Why You’ll Love These High-Protein Vegan Lactation Brownies

These high-protein vegan lactation brownies check so many boxes:

  • Lactation-supportive ingredients. Oat flour, flax meal, and soy are all traditional go-tos for breastfeeding snacks. While nothing can guarantee more milk, these brownies fit beautifully into a nutrient-dense breastfeeding diet.
  • High-protein and satisfying. Between soy milk, and a scoop of chocolate protein powder, each brownie delivers a steady hit of plant protein.
  • Fibre-rich for steady energy.

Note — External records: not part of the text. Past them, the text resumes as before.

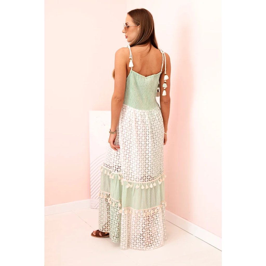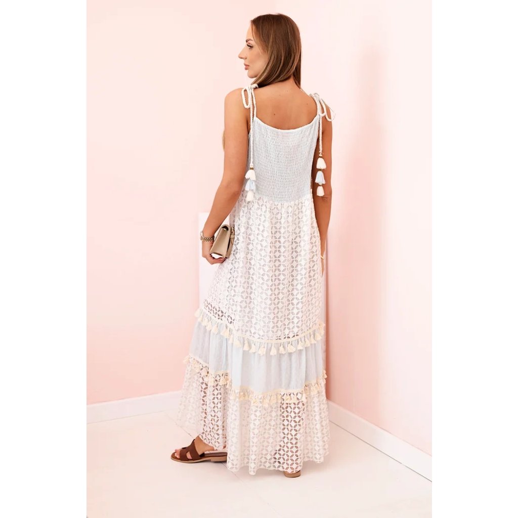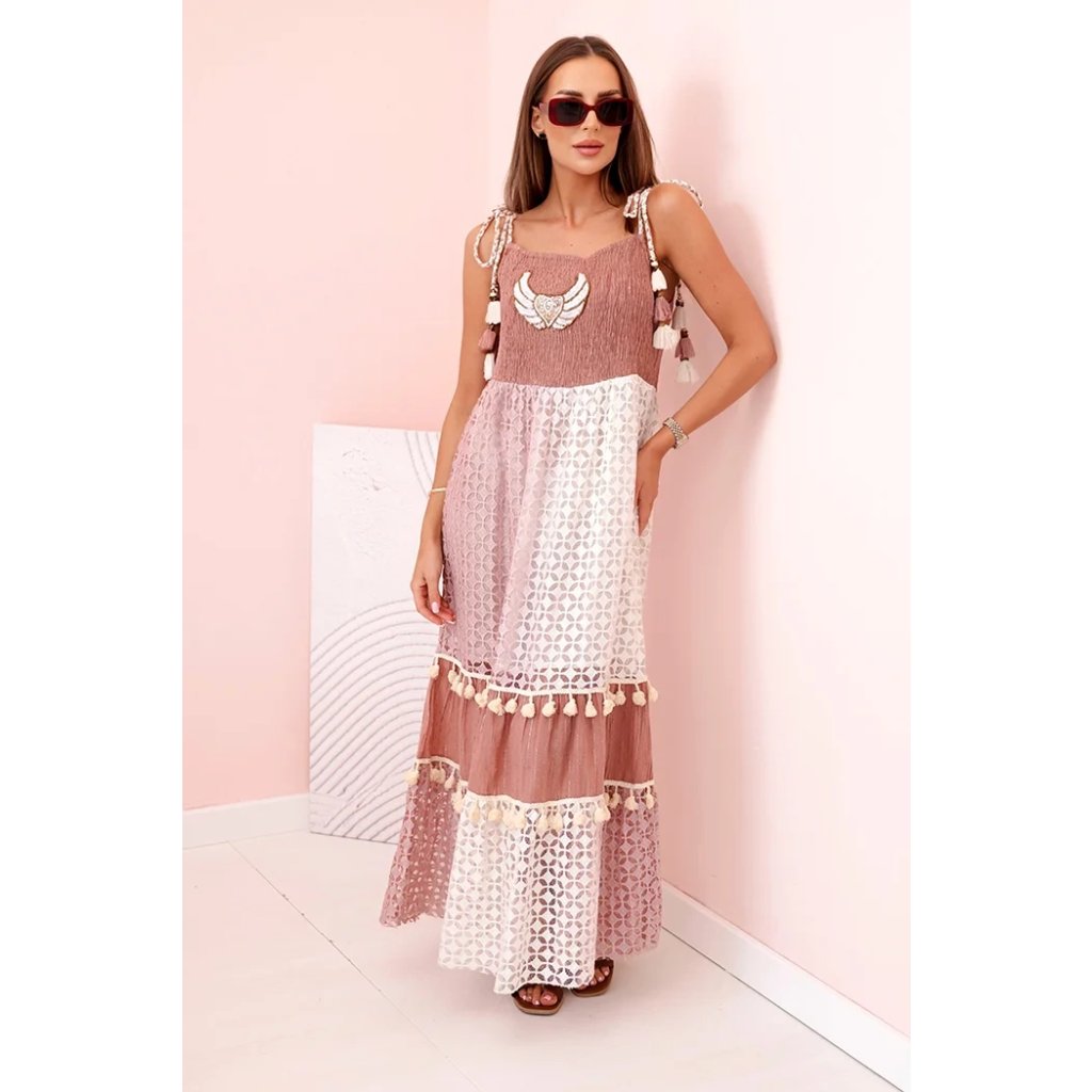 Tieto dámske šaty v boho štýle sú skvelou voľbou na teplé dni, keď chcete vyzerať žensky, ležérne a štýlovo. Sú vyrobené zo 100 % bavlny, čo zaručuje pohodlie a priedušnosť počas celého dňa. Vrchnú časť šiat zdobí výšivka v tvare krídla a ozdobné strapcové šnúrky na ramienkach, ktoré modelu dodávajú jedinečný charakter. Spodná časť z jemnej čipky s geometrickým vzorom, pretkaná volánmi so strapcami, zdôrazňuje ľahkosť a romantický štýl. Ideálna voľba na letné prechádzky, dovolenku alebo festivaly. Šaty vyzerajú skvele so sandálmi, espadrilkami alebo papučami. Veľkosť je univerzálna a padne dámam s veľkosťou S, M alebo L.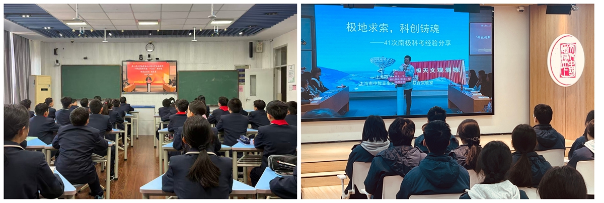 在交流互动环节,师生围绕“科学素养和科创精神”“科创兴趣与国家需求”“科学探索的价值意义”等问题进行交流互动。同学们表示此次思政课让他们受益匪浅,进一步激发了他们为科技强国建设贡献青春力量的责任感和使命感。2023级物理学本科生陈诗怡谈到,林书记勉励我们要笃学奋进、勇担使命,以青春之力助力国家科技持续腾飞,张毅教授执着的探索精神与潜心钻研的态度激励我们永葆探索热情,深耕科学研究,以实干担当助力国家科技不断向前。2024级艺术管理姚懿文谈到,林书记的授课让我明晰了科技创新在“十五五”的核心引领作用,张教授的极地科考分享,彰显了科研人不畏艰险、勇攀高峰的精神。未来我将以影像为笔、以科技为翼,用专业讲好中国科技创新故事,传播强国声音,践行青年使命。上海市实验学校六年级(3)班王希羽谈到,听了今天的“同上一堂思政课”让我明白,科技强国不是遥不可及的梦想,而是藏在我们每天的学习和生活里。以后我要多观察、多动手,用自己的实际行动为祖国的科技发展添砖加瓦!上海市中国中学高二(1)班王若水表示,要将今天的课程内容融入自己的学习生活,不仅要胸怀祖国,更要关注地球家园,为构建人类命运共同体贡献青春力量。
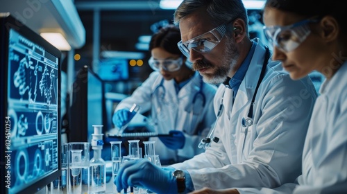 Show a team of scientists collaborating with an AI system to analyze large datasets and discover new insights in their research, Close up
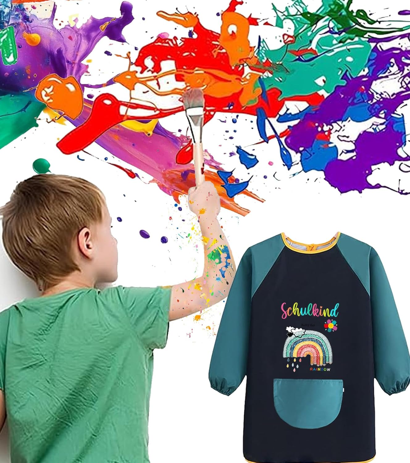 Protezione affidabile durante la pittura e il fai da te: il camice impermeabile protegge i vestiti da vernici, colla e sporco, ideale per lezioni di pittura, lezioni di bricolage e progetti scolastici. Facile da indossare e da togliere grazie alla chiusura in velcro. La pratica chiusura in velcro consente ai bambini di indossare autonomamente – particolarmente adatto come camice da pittore scuola 1. Classe per l'uso quotidiano. Adatto per bambini di 105-125 cm. La comoda vestibilità offre sufficiente libertà di movimento durante il lavoro creativo. Perfettamente adatto per bambini della scuola elementare e adatto come camice per la scuola elementare. I motivi ad arco piovoso ispirano la creatività: il motivo arcobaleno adatto ai bambini rende il camice da pittura una vera attrazione. I colori vivaci stimolano l'immaginazione e portano subito un buon umore durante la pittura o il fai da te. Regalo ideale per la scuola. Perfetto come regalo per ragazze e ragazzi: il camice colorato con motivo arcobaleno è ideale per la scuola, l'asilo o i pomeriggi creativi a casa.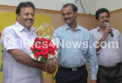 Photo Caption : Cheluvarayaswamy, JDs Leader being welcomed by Sridhar, President, Press Club with Sadashiv Shenoy, General Secretary, Press Club, during the Meet the press programme, at Press Club, in Bangalore on Wednesday 27th August 2014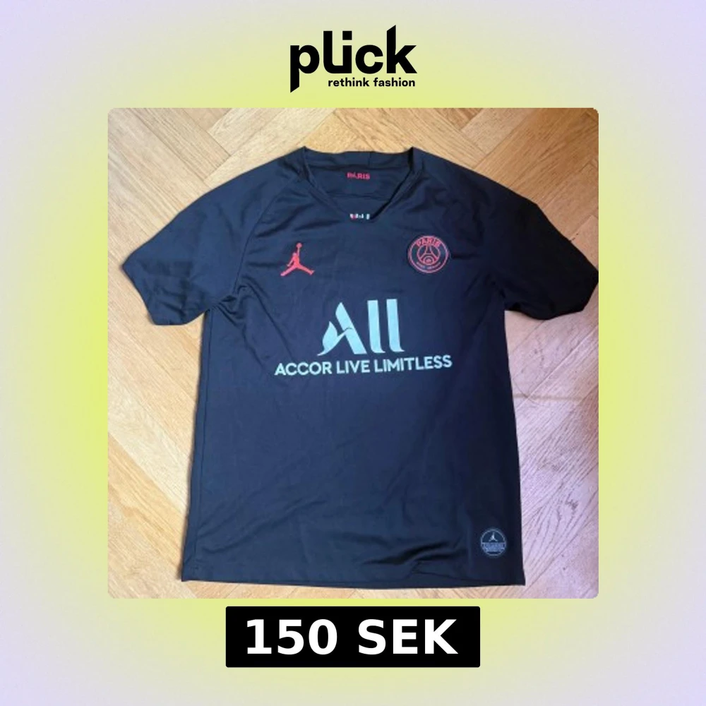 Snygg svart PSG fotbollströja från samarbetet med Jordan. Tröjan har korta ärmar, röd PSG-logga och Jumpman på bröstet samt Accor Live Limitless-tryck i vitt. Tillverkad i lätt och ventilerande material, perfekt för träning eller match.

Yam, oat flour, flax, and walnuts create a slow-release carb situation, so you’re less likely to crash between feeds.
  • Healthy fats for hormone support. Flax and walnuts bring in omega-3s and monounsaturated fats, which can support overall hormone health and satiety.
  • Great for everyone, not just breastfeeding moms. These brownies make an amazing afternoon snack, post-workout bite, or dessert for the whole family.
  • Naturally dairy-free and egg-free. They’re vegan by design, so they work for mixed-diet households and anyone with dairy or egg allergies.
  • Minimal-effort baking. Boil (or microwave) the yam, blend, fold, bake. That’s it. No fancy equipment, no complicated steps.

What You Need To Make These High-Protein Vegan Lactation Brownies

You don’t need anything wild to make these high-protein vegan lactation brownies. However, each ingredient does play a specific role in texture, flavor, and nutrition:

  • Boiled and mashed yam – Adds moisture, natural sweetness, and a fudgy texture, plus beta-carotene and fibre.
  • Plain vegan yogurt – Brings moisture and healthy fats, while being low calorie.
  • Soy milk – Boosts protein and keeps the batter pourable. You can swap, but soy gives the best protein bump.
  • Coconut sugar – Gently sweet, with a caramel note and lower glycemic impact than refined white sugar.
  • Oat flour – Adds that classic “lactation cookie” vibe, extra fibre, and satisfying chew.
  • Chocolate vegan protein powder – Deepens the chocolate flavor and drives up the protein count.
  • Cacao powder – For rich, dark chocolate brownie energy.
  • Flax meal – A classic lactation-friendly ingredient, plus fibre and healthy fats to help keep you full.
  • Baking powder + salt + vanilla – For lift, balance, and flavor.
  • Walnuts (optional but recommended) – For crunch, omega-3s, and more healthy fats. They raise the calories and fat slightly but also make each brownie more satisfying.

Even if you’re not breastfeeding, these same ingredients make these brownies a smarter snack compared to standard brownies, because they bring more protein, fibre, and nutrient density to the table.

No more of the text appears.